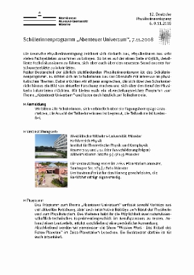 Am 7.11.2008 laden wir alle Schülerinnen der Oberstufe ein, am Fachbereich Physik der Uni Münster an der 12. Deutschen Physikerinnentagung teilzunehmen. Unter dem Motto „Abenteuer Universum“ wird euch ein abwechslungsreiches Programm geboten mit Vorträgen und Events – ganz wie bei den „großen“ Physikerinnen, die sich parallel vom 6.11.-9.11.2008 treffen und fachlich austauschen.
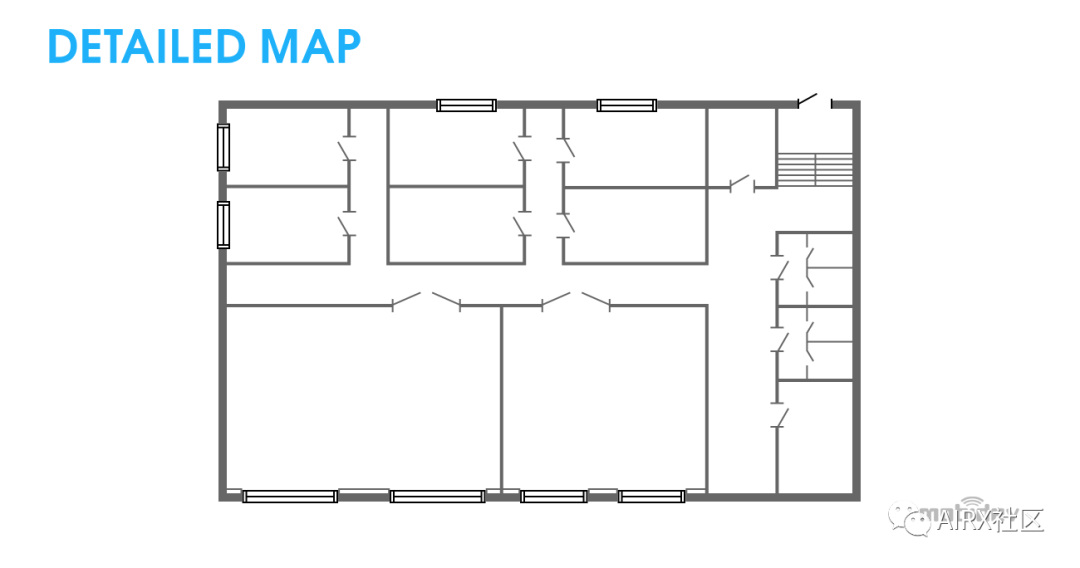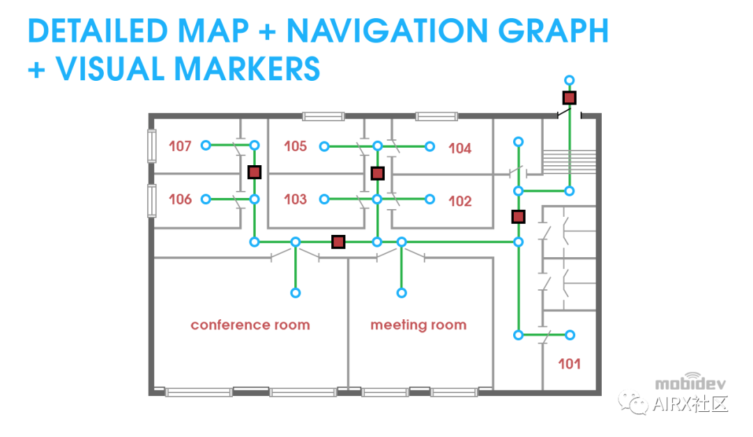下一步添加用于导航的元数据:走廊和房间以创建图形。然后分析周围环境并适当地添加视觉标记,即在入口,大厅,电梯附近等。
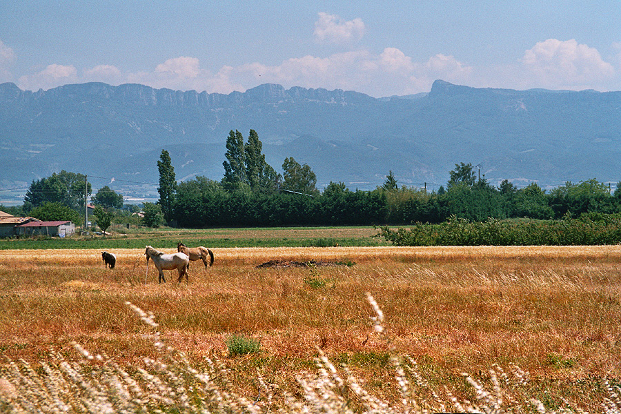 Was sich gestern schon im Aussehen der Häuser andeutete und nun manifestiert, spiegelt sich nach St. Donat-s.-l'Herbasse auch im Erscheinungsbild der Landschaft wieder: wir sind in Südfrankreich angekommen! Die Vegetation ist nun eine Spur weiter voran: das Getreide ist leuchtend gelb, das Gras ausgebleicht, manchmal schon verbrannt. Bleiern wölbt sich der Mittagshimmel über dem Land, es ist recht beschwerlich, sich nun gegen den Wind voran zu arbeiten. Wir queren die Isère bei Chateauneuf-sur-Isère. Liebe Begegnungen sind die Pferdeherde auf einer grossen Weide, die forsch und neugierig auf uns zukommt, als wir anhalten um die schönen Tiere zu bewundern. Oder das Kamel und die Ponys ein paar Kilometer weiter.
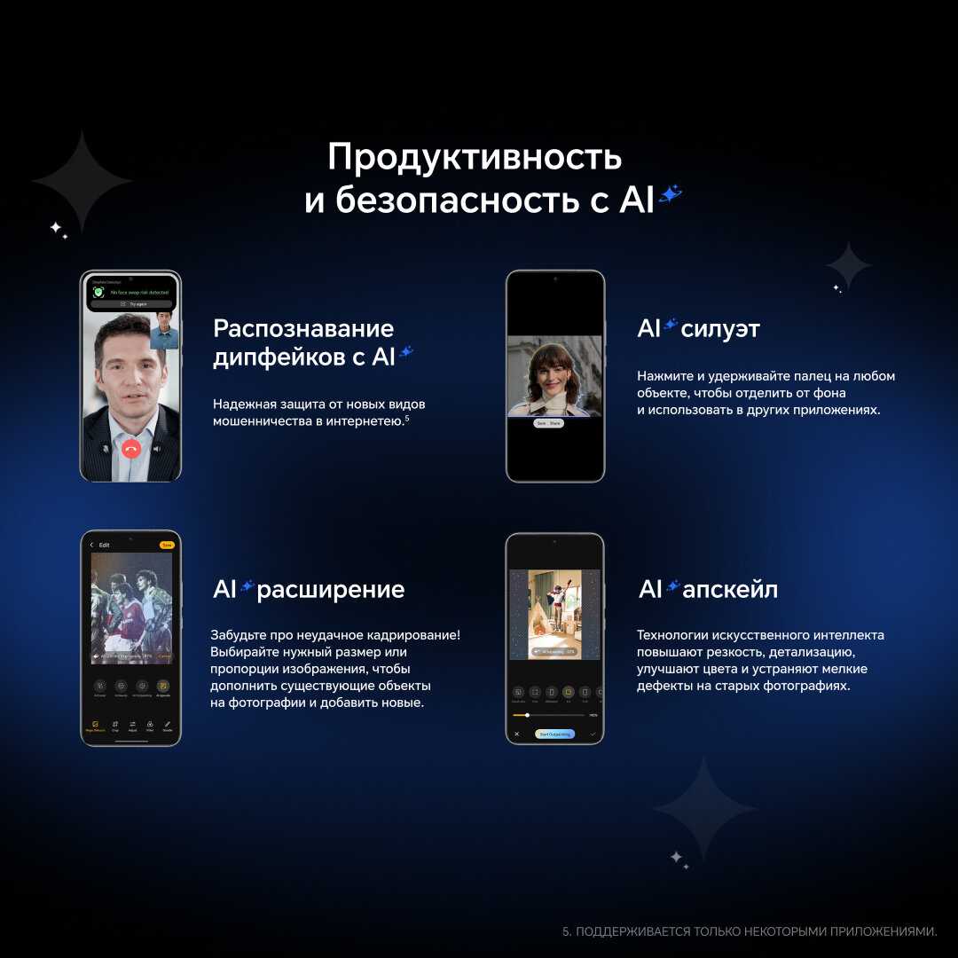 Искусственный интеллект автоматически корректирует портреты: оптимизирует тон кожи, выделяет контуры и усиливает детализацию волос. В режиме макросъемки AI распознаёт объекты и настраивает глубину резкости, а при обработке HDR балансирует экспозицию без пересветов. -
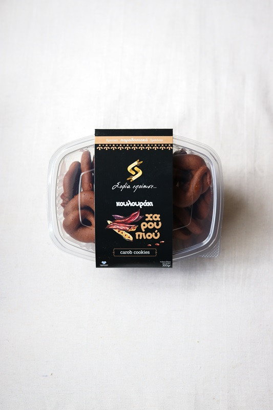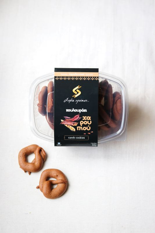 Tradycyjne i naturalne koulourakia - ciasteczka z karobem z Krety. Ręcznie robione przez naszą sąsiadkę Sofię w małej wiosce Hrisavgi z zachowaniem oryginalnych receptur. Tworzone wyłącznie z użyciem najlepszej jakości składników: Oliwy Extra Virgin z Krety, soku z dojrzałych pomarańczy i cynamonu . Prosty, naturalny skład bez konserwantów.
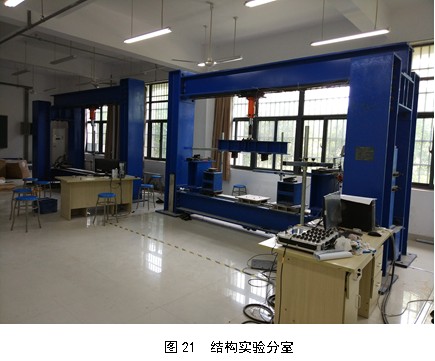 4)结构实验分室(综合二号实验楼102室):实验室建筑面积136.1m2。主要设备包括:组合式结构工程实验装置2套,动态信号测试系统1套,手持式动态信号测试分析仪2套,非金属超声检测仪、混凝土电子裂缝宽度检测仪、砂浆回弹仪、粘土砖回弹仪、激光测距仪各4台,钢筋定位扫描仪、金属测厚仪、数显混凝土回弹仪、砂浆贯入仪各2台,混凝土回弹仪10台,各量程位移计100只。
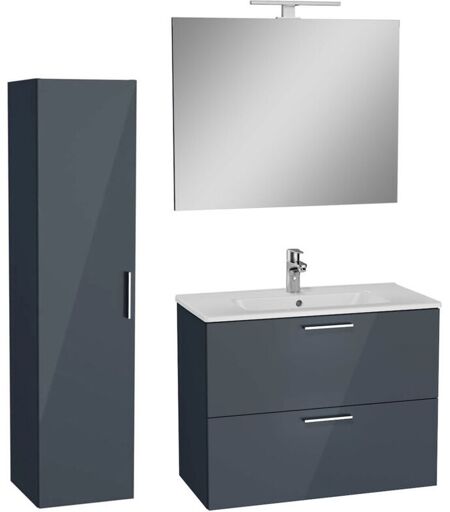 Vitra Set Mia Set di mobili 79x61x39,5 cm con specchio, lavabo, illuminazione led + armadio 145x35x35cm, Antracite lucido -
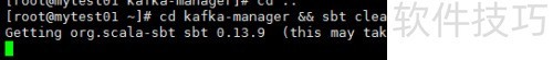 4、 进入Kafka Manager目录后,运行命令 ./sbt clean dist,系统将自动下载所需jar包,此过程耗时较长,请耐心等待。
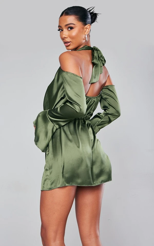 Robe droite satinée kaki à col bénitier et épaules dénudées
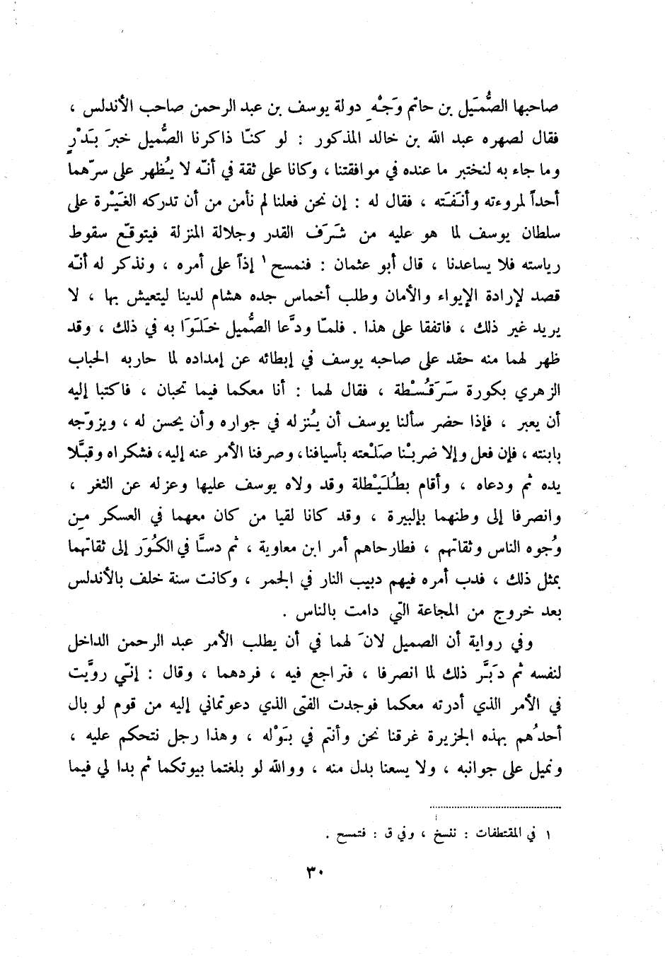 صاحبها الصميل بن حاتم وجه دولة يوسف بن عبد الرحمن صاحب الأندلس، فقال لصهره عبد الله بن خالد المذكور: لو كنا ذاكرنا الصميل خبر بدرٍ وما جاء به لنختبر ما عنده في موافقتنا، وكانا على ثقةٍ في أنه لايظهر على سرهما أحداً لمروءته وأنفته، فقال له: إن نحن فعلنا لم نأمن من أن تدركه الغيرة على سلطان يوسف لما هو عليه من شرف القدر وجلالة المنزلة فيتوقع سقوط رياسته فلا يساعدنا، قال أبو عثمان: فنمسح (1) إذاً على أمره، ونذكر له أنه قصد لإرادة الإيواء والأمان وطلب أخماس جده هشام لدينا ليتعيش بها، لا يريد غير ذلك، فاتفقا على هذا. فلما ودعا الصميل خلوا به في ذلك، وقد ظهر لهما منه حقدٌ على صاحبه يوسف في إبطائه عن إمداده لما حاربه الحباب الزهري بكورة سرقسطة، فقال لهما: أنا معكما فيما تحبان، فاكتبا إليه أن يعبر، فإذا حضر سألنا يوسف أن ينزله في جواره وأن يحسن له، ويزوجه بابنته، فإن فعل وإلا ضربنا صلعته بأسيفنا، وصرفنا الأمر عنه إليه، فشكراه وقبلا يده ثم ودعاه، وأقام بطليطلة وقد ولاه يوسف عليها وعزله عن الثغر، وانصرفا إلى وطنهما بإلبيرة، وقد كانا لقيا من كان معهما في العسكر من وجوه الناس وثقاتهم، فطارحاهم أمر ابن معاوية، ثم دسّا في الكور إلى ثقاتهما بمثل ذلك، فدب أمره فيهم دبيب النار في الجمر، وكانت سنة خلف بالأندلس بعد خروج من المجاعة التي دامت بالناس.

####

*TASK GOAL*. Omit every picture, and please return the entries exactly from the first line through the line with "Was sich gestern", both included.

*RESULT OF THIS EXERCISE*.
 Am 7.11.2008 laden wir alle Schülerinnen der Oberstufe ein, am Fachbereich Physik der Uni Münster an der 12. Deutschen Physikerinnentagung teilzunehmen. Unter dem Motto „Abenteuer Universum“ wird euch ein abwechslungsreiches Programm geboten mit Vorträgen und Events – ganz wie bei den „großen“ Physikerinnen, die sich parallel vom 6.11.-9.11.2008 treffen und fachlich austauschen.
下一步添加用于导航的元数据:走廊和房间以创建图形。然后分析周围环境并适当地添加视觉标记,即在入口,大厅,电梯附近等。
 Was sich gestern schon im Aussehen der Häuser andeutete und nun manifestiert, spiegelt sich nach St. Donat-s.-l'Herbasse auch im Erscheinungsbild der Landschaft wieder: wir sind in Südfrankreich angekommen! Die Vegetation ist nun eine Spur weiter voran: das Getreide ist leuchtend gelb, das Gras ausgebleicht, manchmal schon verbrannt. Bleiern wölbt sich der Mittagshimmel über dem Land, es ist recht beschwerlich, sich nun gegen den Wind voran zu arbeiten. Wir queren die Isère bei Chateauneuf-sur-Isère. Liebe Begegnungen sind die Pferdeherde auf einer grossen Weide, die forsch und neugierig auf uns zukommt, als wir anhalten um die schönen Tiere zu bewundern. Oder das Kamel und die Ponys ein paar Kilometer weiter.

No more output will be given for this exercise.